The times they are a changin’ – in the political landscape that envelopes cannabis and hemp policy, the times are a changin’ on a daily basis. Be it the rescinding of the Cole memo by Attorney General Jeff Sessions or a dismal industry report from the OC Register, the news has not been on the sunny side for those in support of the decriminalization of these substances. Surprisingly, as of late multiple bouts of positive news for cannabis are starting to arrive. Long-standing political opponents of cannabis are making public statements, moves on Capitol Hill, and taking board seats in support of this burgeoning industry.

Colorado Stands up to Trump

Even The Donald himself appears to be coming to the table. Mid April, Colorado Republican Senator Cory Gardner announced he’d received assurances from President Trump that “the Department of Justice’s rescission of the Cole memo will not impact Colorado’s legal marijuana industry.” Gardner had been blocking DOJ nominations since the January announcement from Sessions and lifted these holds after the announcement in good faith that the discussions would continue saying, “President Trump has assured me that he will support a federalism-based legislative solution to fix this states’ rights issue once and for all.”

Hemp Gets a Hand

The hemp industry, from its shadowed position behind the cannabis hysteria, also got a boost from the far right in late March. U.S. Senate Majority leader Mitch McConnell and Kentucky Commissioner of Agriculture Ryan Quarles, both Republicans, announced the impending introduction of The Hemp Farming Act of 2018 in Congress. If passed, the act will legalize hemp as an agricultural commodity and remove it from the list of controlled substances.

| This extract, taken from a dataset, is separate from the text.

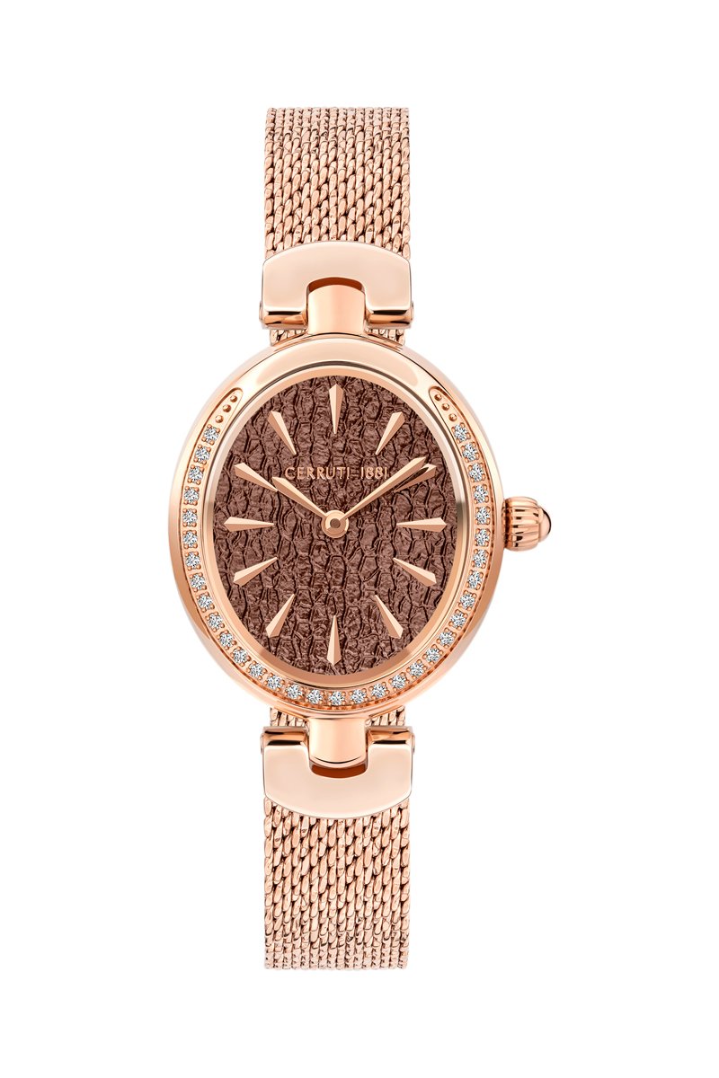Reloj de cuarzo de acero con cristales Swarovski Nemi - Rosa dorado y marrón

Efforts to End the War on Drugs

In New York, Senate Minority Leader Chuck Schumer, who in the past has supported states rights on marijuana but not necessarily federal legislation, reported on plans to introduce a bill to decriminalize the plant on a federal level. He even chose the popular 4/20 date to do so and penned a piece on what changed his mind towards federal support. Schumer acknowledged the benefits of cannabis from the medical perspective but comes to this new stance relying heavily on the problems created nationwide by the war on drugs. “A staggering number of American citizens, a disproportionate number of whom are African-American and Latino, continue to be arrested every day for something that most Americans agree should not be a crime,” says Schumer.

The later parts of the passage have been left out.